Leere, saubere, helle Straßen, glasklarer Himmel, die Luft von der Mittagssonne angewärmt, der Sand am Strand nur vom Wind berührt, das Meer ruhig und sanft... Corona-Stimmung. "Hat was. Aber mir ist es mit Menschen lieber.". Lilly findet die Stimmung zwar bezaubernd geheimnisvoll und beruhigt, aber auch ein wenig gespenstisch, wie ein Bild vom Mars oder Mond. "Was wäre diese Erde ohne uns Menschen?"

 

 

Sie stellt fest, dass die Menschheit derartig damit beschäftigt ist, ihre Spezies nicht nur zu erhalten und die Lebensbedingungen beständig zu verbessern, sondern auch damit, die Erde zu bewirtschaften, zu hegen und zu pflegen, und zu erforschen. "Was für ein fantastisches Dasein wir entwickelt haben durch ständiges Streben nach Verbesserungen.

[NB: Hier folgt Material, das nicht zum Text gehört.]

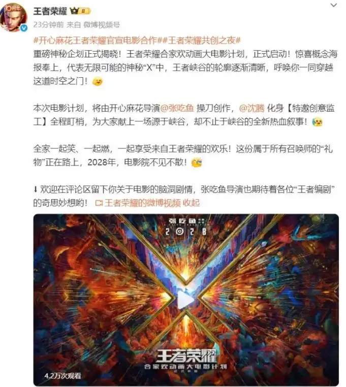 本次电影由《王者荣耀》原班创意团队核心成员张吃鱼担任导演兼编剧,沈腾则将以“特邀创意监工”的身份加盟,与开心麻花团队联手打造这部融合热血、冒险与欢乐的合家欢动画巨制,消息一出,立即引发了无数玩家与影迷的热议。

Müsste man jetzt auf einem neuen Planeten nochmal von vorne beginnen, wäre das eine Herausforderung, zwar nicht über Jahrtausende, weil wir ja die technischen Errungenschaften schon erfunden und entwickelt haben, aber sicher schon noch mal ein Stück."

 

 

Sie genießt nicht nur die Natur, so wie sie derzeit vor ihr liegt, sondern auch die Verbindungen über Internet - ohne diese hervorragende Erfindung und natürlich auch das Gesichtsbuch, würde sie aus der Haut fahren. Man kann schon mal den Einsamkeits-Koller bekommen, wenn niemand zuhause ist zum Plaudern und Planen. Kommunikation, Gedankenaustausch, Informationen weitergeben oder bekommen und einfach Witze schnacken ist ihr schon sehr wichtig. 

 

"Muss am Sternzeichen liegen.", bestätigt sie sich ihre geistigen und verbalen hyperaktiven Tätigkeiten. "Wenn man Wissen und News trinken könnte, wäre ich jeden Tag am Limit.". Sie überlegt, was ihr Sohn für Astro-Zeichen ist und der Schütze will aktiv sein und am liebsten reisen und erobern. Sie guckt ins Jugend-Zimmer und trifft niemand an. "Ist wohl auf Entdecker-Tour.", freut sie sich und ist aber auch besorgt, wo und vor allem mit wem, er im Corona-Mood, herumspaziert.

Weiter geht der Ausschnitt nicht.